To continue this week’s series on travel, today we ask: what do Harrods department store, the Sydney Fish Market, and the Wong Tai Sin Temple have in common? They’re all places which accept payment from Alipay, the fast-expanding mobile payments service owned by Jack Ma’s Ant Financial.

Along with WeChat Pay, Alipay leads the mobile payments market in China. Due to a combination of increasing smartphone performance and a lack of pre-existing credit card infrastructure, their owners Tencent and Ant Financial have become the go-to services for financial transactions. 38% in China use Alipay, and a third of internet users there pay with WeChat. With our ability to track cross-platform usage, we know that there is a lot of overlap between the two groups. 83% of Alipay users have paid on WeChat in the last month, and nearly all WeChat Pay users also use Alipay.

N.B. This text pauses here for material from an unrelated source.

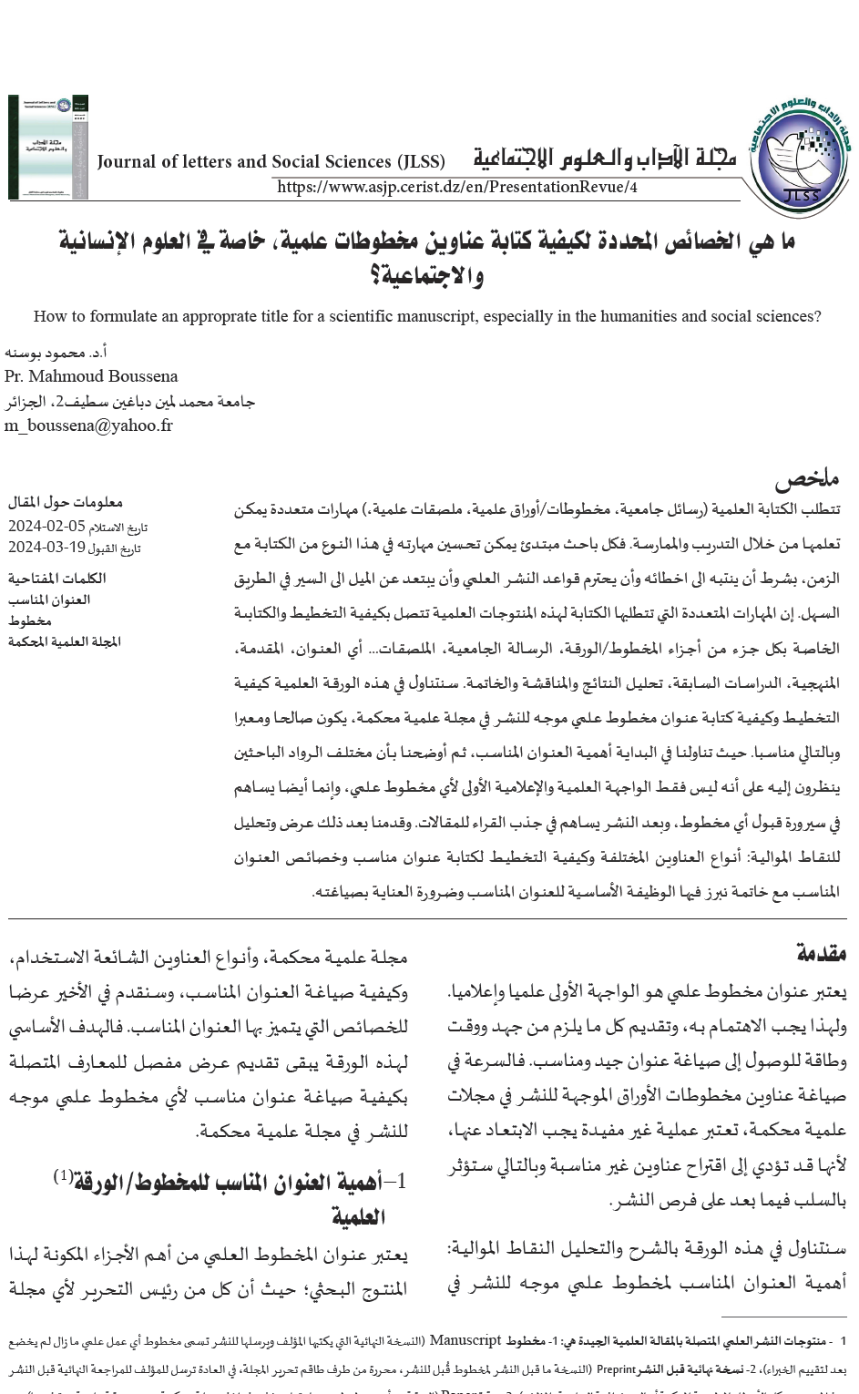 بوسنه م. (2025). ما هي الخصائص المحددة لكيفية كتابة عناوين مخطوطات علمية، خاصة في العلوم الإنسانية والاجتماعية؟: معلومات حول المقال: تاريخ الاستلام 2024-02-05 ***** تاريخ القبول 19-03-2024. مجلة الآداب و العلوم الإجتماعية, 21(01), 33–40. استرجع في من https://revues.univ-setif2.dz/index.php/jlss/article/view/109

Beyond China, both services have been able to grow across borders thanks to the travelling habits of its users. In the audience of Chinese internet users who use WeChat Pay or Alipay, 1 in 5 take vacations abroad at least once every 6 months. Harrods as an example of the rewards in this, as Chinese consumers now spend more there than any other nationality.

Ant Financial in particular have tapped into a strategy of partnering with local providers, which has taken Alipay to 110 countries, and even as far as the Arctic Circle. There is a large market of high-spending Chinese tourists, and allowing them to pay through their native payments services could be the key to unlocking revenues from them.